Языки культуры — страница 99 из 188

Стиль того времени называют «ампиром». Однако дело не в четких временных границах стиля, а в той переходной функции, которая присуща стилю в эпоху культурной ломки; притом сам объем и само содержание «стили» на переходе меняются. По Максу фон Бену, «ампир выкристаллизовался из непосредственно предшествовавшего ему стиля Людовика XVI, чтобы затем и свою очередь раствориться и непосредственно следующем после него стиле бидермайера. В эпоху бидермайера классицистическое направление сказало свое последнее слово. Пышность была устранена, позолоченные накладки исчезли… а практичное осталось — полезное, дельное, что, собственно говоря, и отождествляли с античностью» и т. д.[690]. Еще короче пишет Пьер Верле (1972): ампир — «это как бы затвердевший стиль Людовика XVI, стиль, который с наполеоновскими армиями распространился на всю Европу. Остались островки сопротивления, свежести и оригинальности в Англии… и так называемый русский ампир, где сохранилось известное изящество»[691].

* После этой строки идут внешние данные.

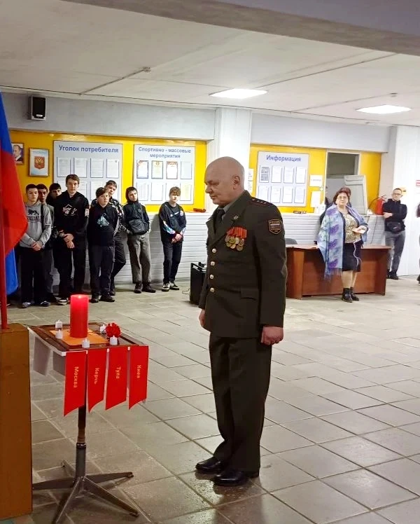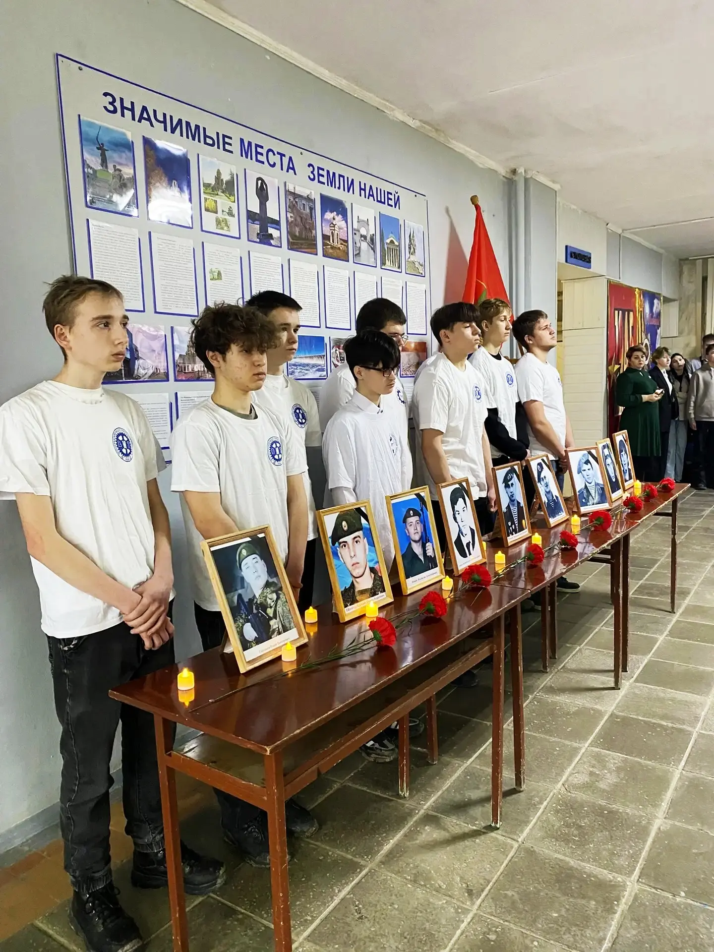 На мероприятии присутствовал почётный гость — ветеран двух Чеченских войн, старший прапорщик в отставке Безруков Владимир Иванович. Ему было предоставлено право зажечь Свечу Памяти. К портретам героев- наших выпускников – были возложены красные гвоздики. Студенты почтили память героев, отдавших жизнь в Афганистане, Чечне и ходе специальной военной операции, минутой молчания. Память о каждом из них навсегда сохранится в наших сердцах.
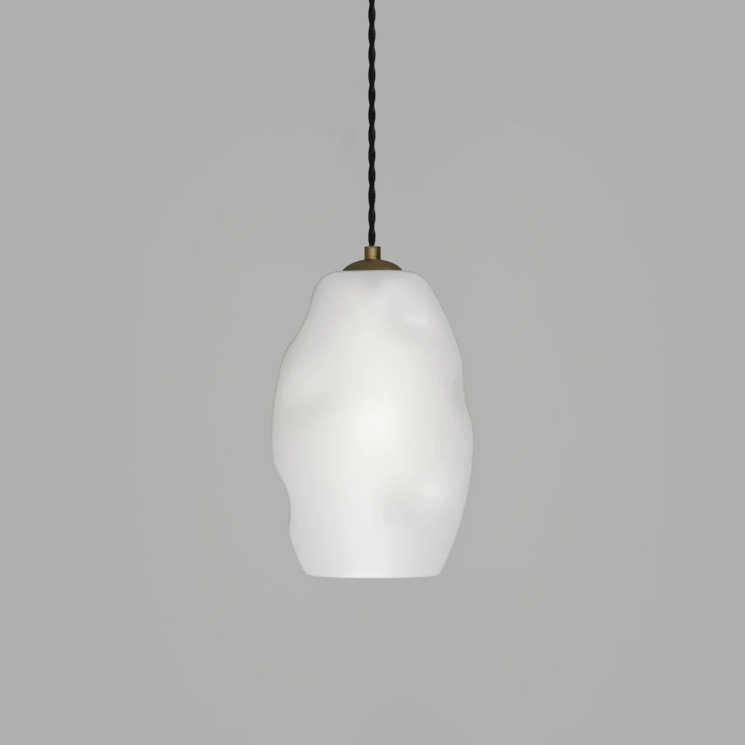 Organic Pendant Light by Lighting Republic features a bespoke turned and cast brass suspension that is delicately suspended by a twisted black cloth cord and is available in an aged brass or timeless iron finish. The varied thickness and unique details in the glass adds a subtle honesty to this product making it truly one of a kind. The Organic collection features a characteristic contour in its form. Energetic and asymmetrical, each glass shade is individually hand-blown and hand formed to give it a unique shape, no two pendants are ever the same. The way that light beams through the contours of each different glass surface provides a thrilling light diffusion.
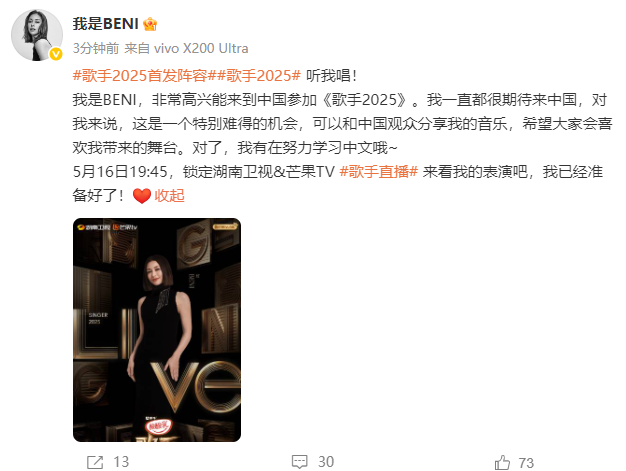 BENI:我是BENI,非常高兴能来到中国参加《歌手2025》。我一直都很期待来中国,对我来说,这是一个特别难得的机会,可以和中国观众分享我的音乐,希望大家会喜欢我带来的舞台。对了,我有在努力学习中文哦~

Действительно, ампир приобретал особенный характер почти в каждой стране. В Англии, где границы стилистических полос по сравнению с другими странами Европы вообще наименее четки, уже давно, задолго до наступления ампира, совершилась художественная, и промышленнохудожественная, что необходимо подчеркнуть, реакция на итальянские раскопки. Осия Веджвуд с его фабрикой, характерно названной «Этрурия», с его изобретением особого вида фаянса («jasperware»), материала, в котором стали воспроизводить античные вазы, составил целую эпоху в истории европейского классицизма. Его продукция, вся ориентированная на античные мотивы, — вазы, посуда, рельефы, плакетки — завоевала и Англию, и континентальную Европу[692]. В еще большей мере можно сказать это и о Джоне Флексмене, необычайно разностороннем скульпторе и рисовальщике, который сам удивлялся всеевропейской славе своих контурных иллюстраций к Гомеру, Эсхилу, Данте[693]. Если Веджвуд начиная с 1790–1793 гг. выпустил много копий знаменитой Портлэндской вазы Ib., купленной лордом Гамильтоном (ее рельефы, как предполагают теперь, иллюстрируют легенду о рождении императора Августа[694]), — то Флексмен и сам создает у Веджвуда вазы в античном стиле на основе составленного д’Арканвиллем каталога этрусских, греческих и римских древностей из собрания У. Гамильтона (1766): например, вазы «Геркулес в садах Гесперид» (1785), «Апофеоз Гомера» (1778), «Апофеоз Вергилия» (ок. 1785)[695]; он работает с самыми различными сюжетами, включая английские национально-патриотические темы. Что же касается контурных рисунков Флексмена, о которых восторженно писал в «Атенеуме» (1798) А. В. Шлегель, то они в логическом отношении представляли собою абсолютную вершину антикоподобного стиля в это время и во весь этот период грандиозного перехода фиксировали самую точку внутреннего слома (о чем несколько слов ниже).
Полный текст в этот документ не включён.